Edited 2009-01-09 15:27 (UTC)
andrewducker: (Default)

[personal profile] andrewducker 2009-01-09 03:51 pm (UTC)(link)
Sorry, yes - the absorption levels drop off as you vary further from "Red", "Green" and Blue".

Hmm - one type of cone gives you a single dimension of colour - (bright/dark)- two cones would give you two dimensions (a plane) - three cones gives you three dimensions of it. I wonder if a fourth dimension of colour would feel qualitatively different, or would simply feel like our current colour perception with more detail.

[identity profile] sharikkamur.livejournal.com 2009-01-09 04:04 pm (UTC)(link)
There is a fourth cone - some cones (relatively few, admittedly) are sensitive to yellow. Human tetrachromacy is a rare X-linked trait, it seems.

(Jakab Z, Wenzel K, 2004, "Detecting tetrachromacy in human subjects" Perception 33 ECVP Abstract Supplement, Wikipedia article on tetrachromacy)
andrewducker: (Default)

[personal profile] andrewducker 2009-01-09 04:18 pm (UTC)(link)
Yes, metaphorical dimensions :->

[identity profile] idaho-smith.livejournal.com 2009-01-09 10:41 pm (UTC)(link)
Yes to bell-curves for sensitvity vs. wavelength for each of the colour dependant chemicals "opsins".

_C_ones for _C_olour

_R_ods for ... erm ... _R_unning about in the woods at night without a gamekeeper seeing your torch.

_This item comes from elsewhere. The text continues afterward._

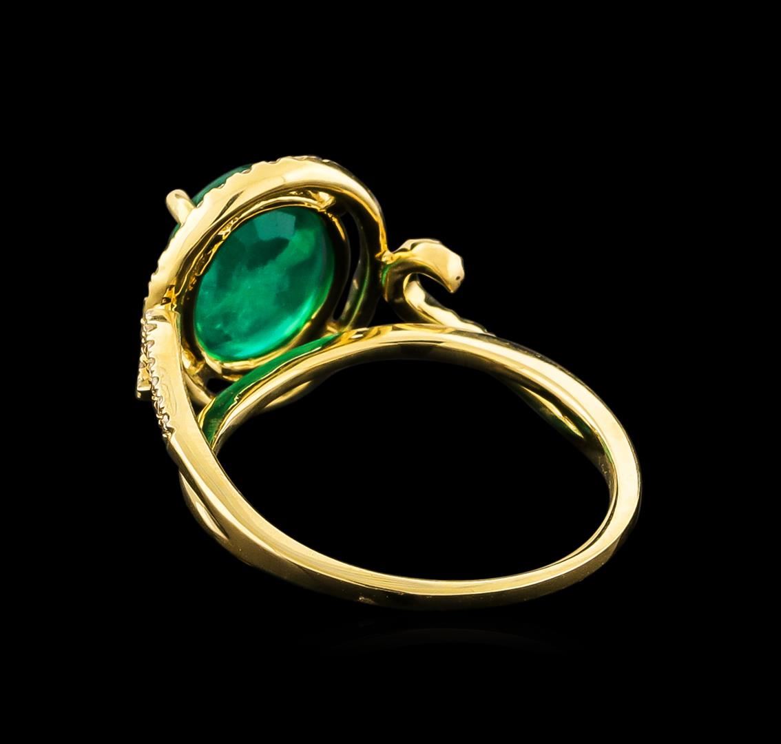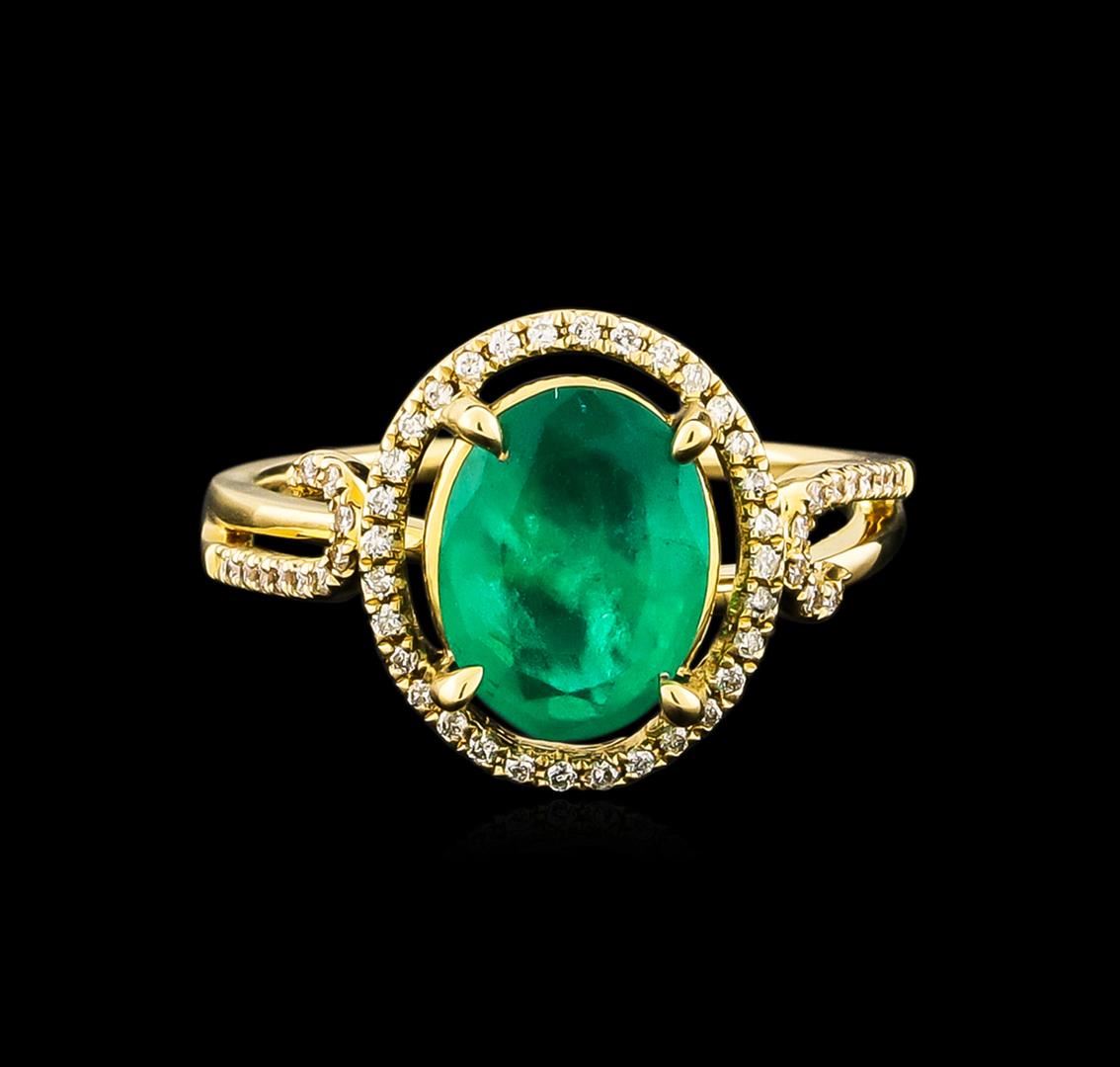 One electronically tested 14KT yellow gold ladies cast emerald and diamond ring with a bright polish finish. Condition is new, good workmanship. The featured emerald is set within a diamond bezel supported by diamond set shoulders, completed by a one millimeter wide band. Trademark is PMI. Identified with markings of "14K". Containing: One prong set oval mixed cut natural emerald, measuring 9.80 x 7.60 x 3.95mm, 6%. bulge factor, approximate weight of 1.72ct., clarity is heavily included, type III, medium dark, very slightly grayish, very slightly bluish green color, (GIA vslbG 6/3), cut is good. Transmitting light with a minimum of distortion, transparent. Naturally occurring internal & external characteristics are present. Indications of oil residue. Graded in the setting. Fifty-One prong set round brilliant cut diamonds, measuring 1.10 - 1.00 x 0.63mm (depth est.) approximate. Total Weight of 51 Stones = 0.31ct. Graded in the setting. Clarity: SI-1 to I-1. Color: G - I. Total Weight of Colored Stones 1.72ct. Total Weight of Diamonds 0.31ct. Total Weight of Ring 3.16 grams. AIG Appraised at $3,795.00.

[identity profile] sharikkamur.livejournal.com 2009-01-09 03:54 pm (UTC)(link)
You can define 'false colour' using any combination of colours; all you're doing is colour-coding particular areas using a defined code set.

The ultrasound approach is more like the astronomical approach of viewing something through multiple filters and then shifting the wavelengths to the visible. Astronomical images are often false-coloured because they are made up of a set of particular wavelengths - Hα comes immediately to mind.

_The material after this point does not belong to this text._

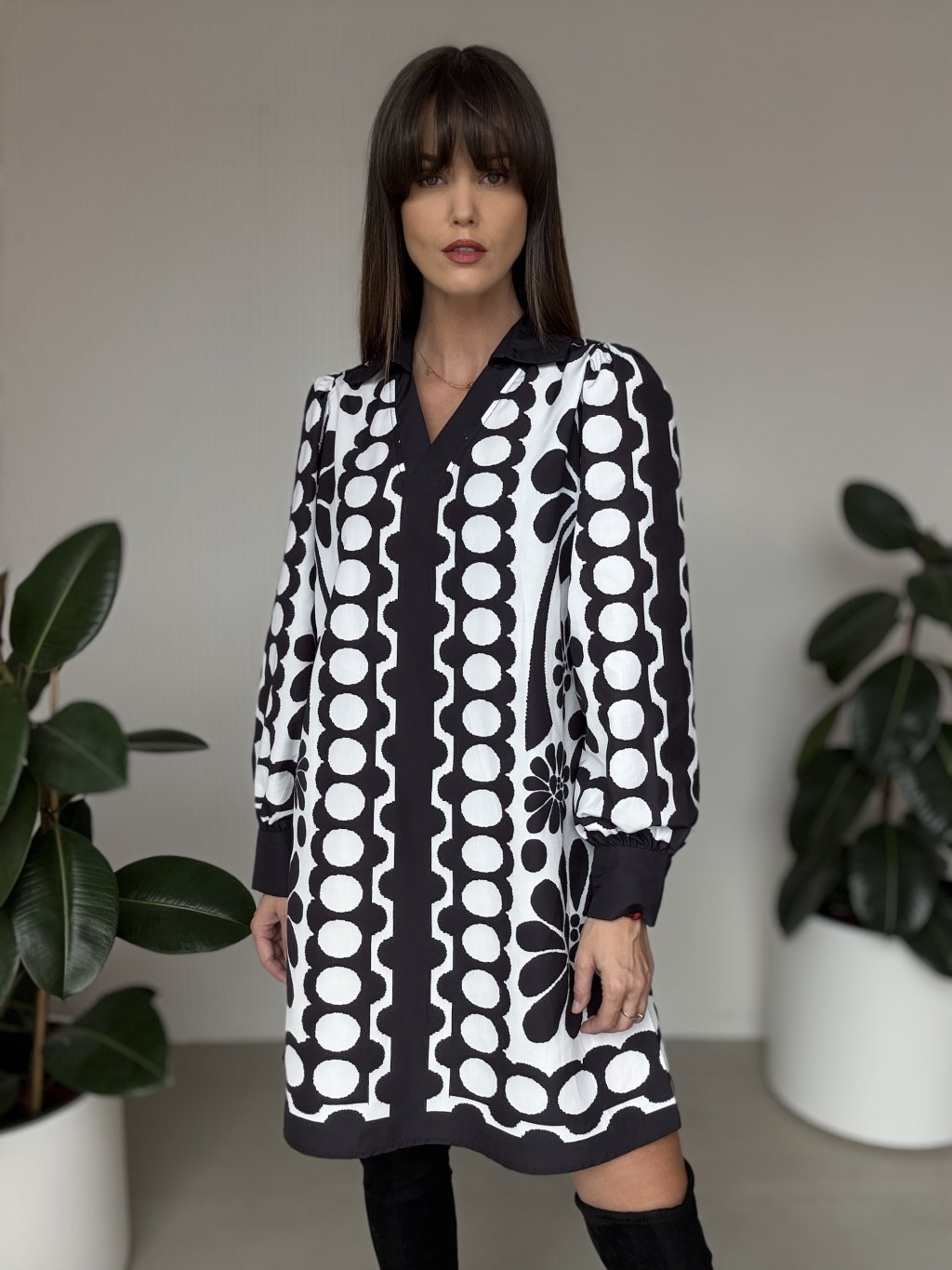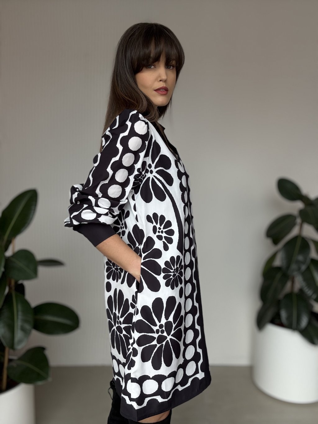 Šaty s praktickými vreckami spájajú eleganciu a pohodlie v jednom kúsku. Voľnejší strih je ideálny na každodenné nosenie a zároveň pôsobí žensky a štýlovo. Výrazný vzor dodáva šatám jedinečný charakter a vrecká zvyšujú komfort pri nosení. Odporúčame prať s použitím zachytávačov farieb, aby si šaty zachovali svoju pôvodnú farbu a kontrastný vzor.

Of course, ultrasound is a longitudinal wave form, not a transverse waveform. How about thinking of a multi-frequency ultrasound as a polyphonic piece of music instead of a single tone?

Hmm... there's an art idea - transforming your ultrasound baby scans into orchestral pieces.

[identity profile] sharikkamur.livejournal.com 2009-01-10 11:00 am (UTC)(link)
Yes, I'd forgotten that one. Just goes to prove what I've thought for a while - it's time to re-read Dirk Gently.